**EXERCISE PROMPT:** Quote the records below in full, exactly as given, with the images taken out.

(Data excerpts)
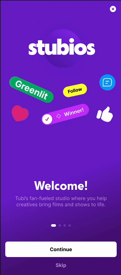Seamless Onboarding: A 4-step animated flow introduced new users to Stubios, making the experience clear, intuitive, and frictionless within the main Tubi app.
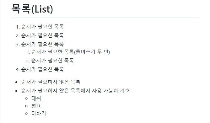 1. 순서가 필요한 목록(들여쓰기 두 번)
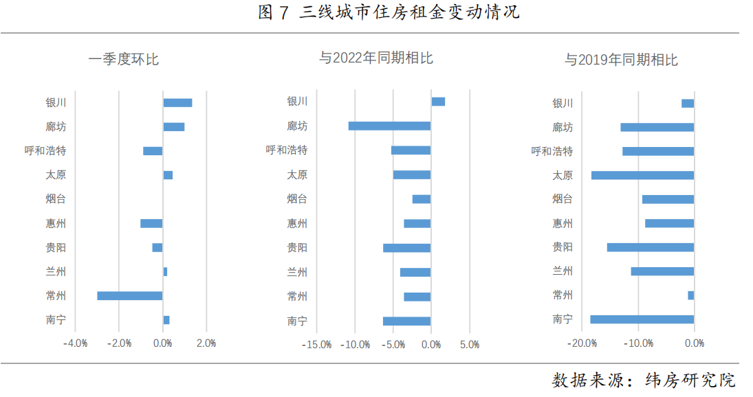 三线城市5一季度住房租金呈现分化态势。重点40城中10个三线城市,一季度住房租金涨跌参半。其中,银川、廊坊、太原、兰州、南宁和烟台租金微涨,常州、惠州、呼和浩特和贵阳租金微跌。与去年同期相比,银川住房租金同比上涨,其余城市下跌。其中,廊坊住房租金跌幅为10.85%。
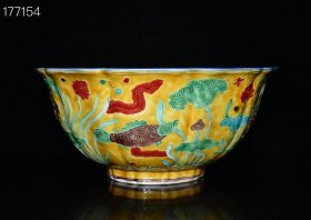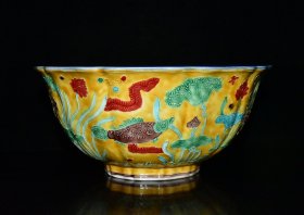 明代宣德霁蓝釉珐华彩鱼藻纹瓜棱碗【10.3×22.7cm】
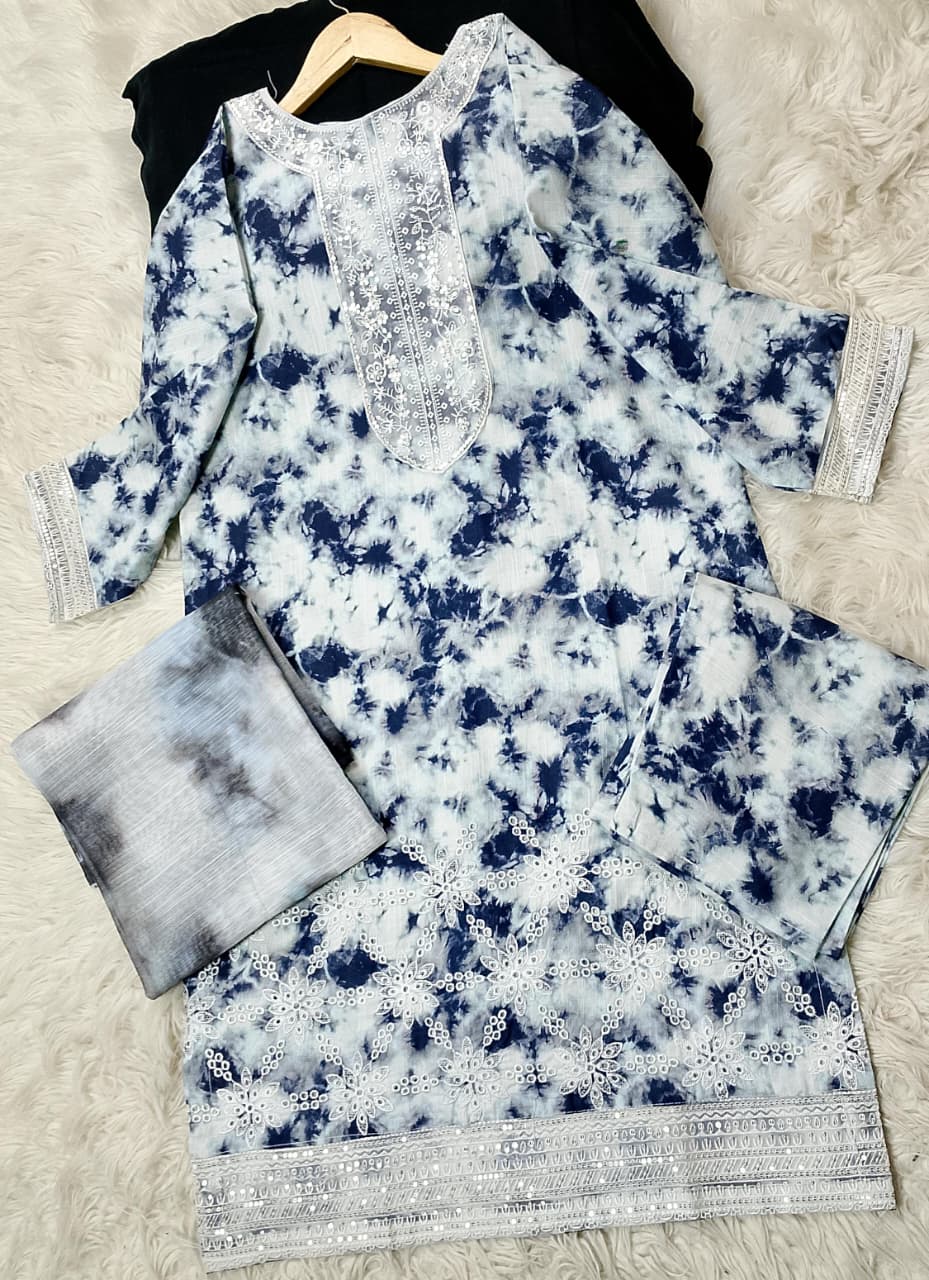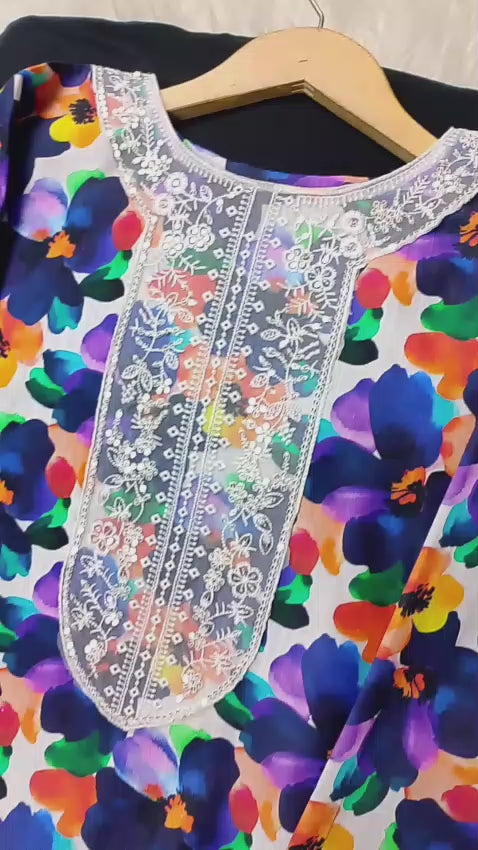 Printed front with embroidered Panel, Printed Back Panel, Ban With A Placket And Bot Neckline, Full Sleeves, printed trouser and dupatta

**RESPONSE TO THIS EXERCISE:**
Seamless Onboarding: A 4-step animated flow introduced new users to Stubios, making the experience clear, intuitive, and frictionless within the main Tubi app.
 1. 순서가 필요한 목록(들여쓰기 두 번)
 三线城市5一季度住房租金呈现分化态势。重点40城中10个三线城市,一季度住房租金涨跌参半。其中,银川、廊坊、太原、兰州、南宁和烟台租金微涨,常州、惠州、呼和浩特和贵阳租金微跌。与去年同期相比,银川住房租金同比上涨,其余城市下跌。其中,廊坊住房租金跌幅为10.85%。
 明代宣德霁蓝釉珐华彩鱼藻纹瓜棱碗【10.3×22.7cm】
 Printed front with embroidered Panel, Printed Back Panel, Ban With A Placket And Bot Neckline, Full Sleeves, printed trouser and dupatta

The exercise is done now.